- Born: 8 June 1927 Boryslav
- Died: 23 June 2011 (aged 84) Sydney
- Citizenship: Poland
- Occupation: Author
- Awards: Medal of the order of Australia

= Sabina Wolanski =

Sabina Wolanski, born Sabina Haberman, married Sabina van der Linden-Wolanski (8 June 1927 – 23 June 2011) was a Holocaust survivor and author. Her book Destined to Live: One Woman's War, Life, Loves Remembered is a memoir of her account of her experience of the Holocaust.

==Biography ==
Sabina Haberman, born in Borysław, Austrian partition of Poland (today Ukraine), was 12 years old when her home town in Poland was invaded by the Nazis. In her diary she recorded what happened, including the humiliations and terrors, the murder of her family and her survival. In Borysław, she met the industrialist Berthold Beitz, who had helped shelter Jews in Poland. Leaving Europe after the war, Wolanski began a new life in Australia. In 1967, she gave evidence in a trial in Bremen of Friedrich Hildebrand, the man who had killed her father and brother. While there, she met the daughter of a former Nazi who was researching her own past.

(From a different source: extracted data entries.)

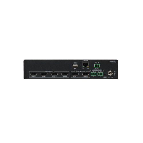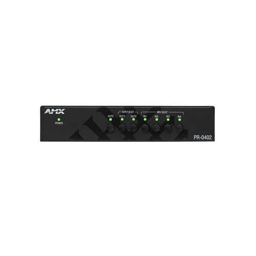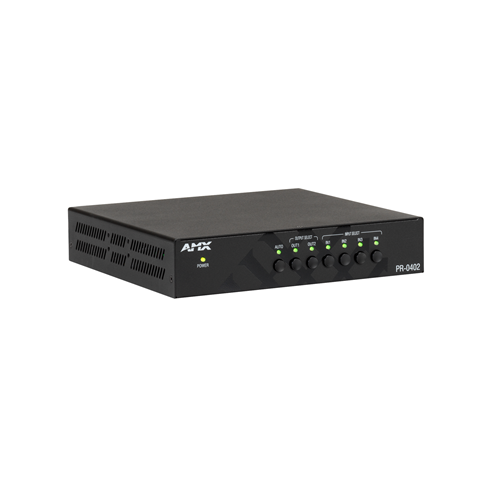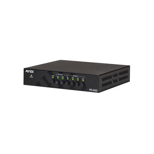 The PR-0402 supports high quality HDMI 2.0, HDCP 2.2, HDR10+, 36-bit per pixel Deep Color, and Dolby Vision. Automatic and manual switching modes plus onboard dynamic audio de-embedding offer maximum configuration flexibility. Combining a robust matrix switcher and a highly affordable price point, backed by over 30 years of industry-leading matrix switching experience, the AMX Precis PR-0402 can be trusted to deliver an exceptional switching solution.
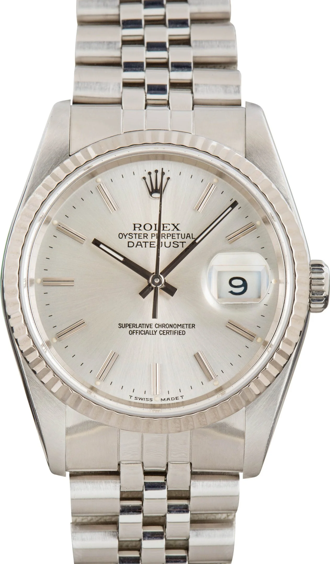 Why We Love This Watch This pre-owned Rolex Datejust 36 ref. 16234 (1993–1994) captures the timeless appeal of Rolex’s classic design. This 36mm stainless steel case is paired with an 18k white gold fluted bezel and a clean silver dial, offering a refined and versatile aesthetic. Fitted with a Jubilee bracelet and powered by a reliable automatic movement, this Datejust delivers precision, comfort, and enduring sophistication—making it a staple choice for both collectors and everyday wearers. WATCH DETAILS BRAND Rolex MODEL NAME Datejust 36 COLLECTION Datejust MODEL NUMBER 16234 YEAR 1994 ITEM NUMBER 185843 CONDITION Excellent GENDER Mens Unisex BOX & PAPERS No Box or Papers CASE MATERIAL Stainless Steel CRYSTAL Sapphire SIZE 36MM BEZEL 18k White Gold Fluted CASEBACK Solid SERIAL S234XXX DIAL Silver w/ Index hour markers, Tritium hands & Tritium lume MOVEMENT CALIBRE 3135 TYPE Automatic BEZEL Fixed COMPLICATION Date BRACELET MATERIAL Stainless Steel TYPE Jubilee CLASP Oysterclasp
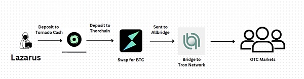 尽管各国加强执法,但网络诈骗依然猖獗,2023 年针对东亚和东南亚受害者的诈骗造成的经济损失估计在 180 亿美元至 370 亿美元之间。随着高风险的虚拟资产服务提供商(VASP) 的兴起,网络犯罪分子越来越多地利用加密货币洗钱,常见做法是在场外交易市场将犯罪所得直接兑换成现⾦或兑换成 USDT 作为稳定的中介货币,这种行为的交易量巨大,且关联着多种犯罪活动,令各国政府在监管和打击洗钱活动中面临重重挑战。据发现,一家位于湄公河的高风险 VASP 在 2021 年至 2024 年期间处理了 490 亿至 640 亿美元的加密货币总交易量,据估计,它是亚太地区同类服务中最大的服务提供商,它还与 OFAC 批准的实体以及与黑客事件中出现的 Lazarus Group 相关的多个钱包进行交易。Lazarus Group 是一个臭名昭著的黑客组织,其在加密货币相关的洗钱活动中扮演重要角色,根据慢雾的分析,朝鲜黑客 Lazarus Group 的洗钱方式复杂多变,隔一段时间就会有新型的洗钱方式出现,具体可查看慢雾:2024 上半年区块链安全和反洗钱报告(https://www.slowmist.com/report/first-half-of-the-2024-report(CN).pdf)。
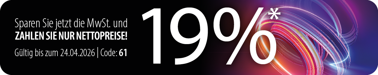 *Bis zum 24.04.2026 erhalten Sie ab dem € 1,- 15,97% Rabatt auf das gesamte Sortiment. Bei Online-Bestellungen erhalten Sie ab einem Nettowarenwert von € 250,- zusätzlich 2% Online-Rabatt.
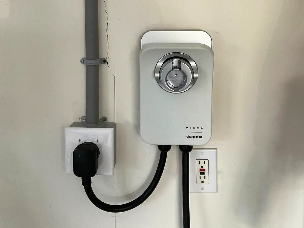 Volvo-branded ChargePoint EV charger mounted on garage wall.
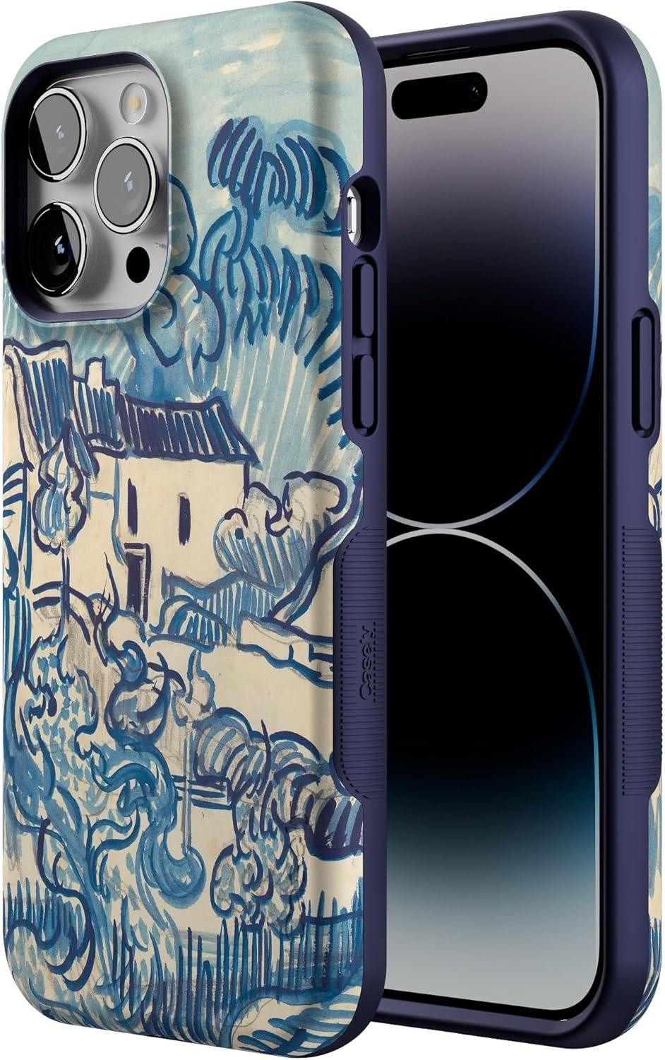 Casely iPhone 14 Pro Max Case | Blue Stripes | Sunday Best | Bold Protective Design | Compatible with MagSafe(Van Gogh | Landscape With Houses)
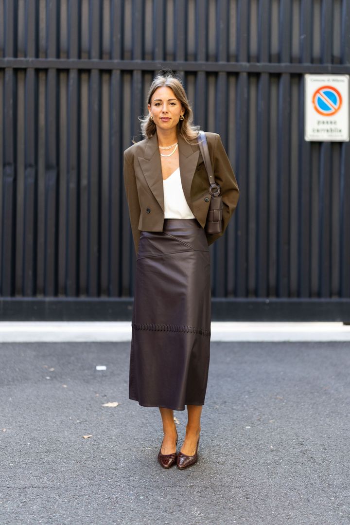 小粒パールの3連ネックレスが、スタイリングに気品をプラス。さらにレザーアイテムでコーデを引き締めれば、都会的なエレガントスタイルが完成。

In May 2005, when Germany opened the Memorial to the Murdered Jews of Europe in Berlin, Wolanski was chosen to speak on behalf of the six million dead. In her speech she noted that although the Holocaust had taken everything she valued, it had also taught her that hatred and discrimination are doomed to fail. Her story was profiled on the ABC program Australian Story.

Wolanski died on 23 June 2011 in Sydney, aged 84.

Wolanski supported Sydney-based programs promoting intercultural understanding, including Courage to Care, which teaches schoolchildren to avoid discrimination, and Together for Humanity, a multi-faith charity which encourages inter-faith tolerance and understanding among schoolchildren.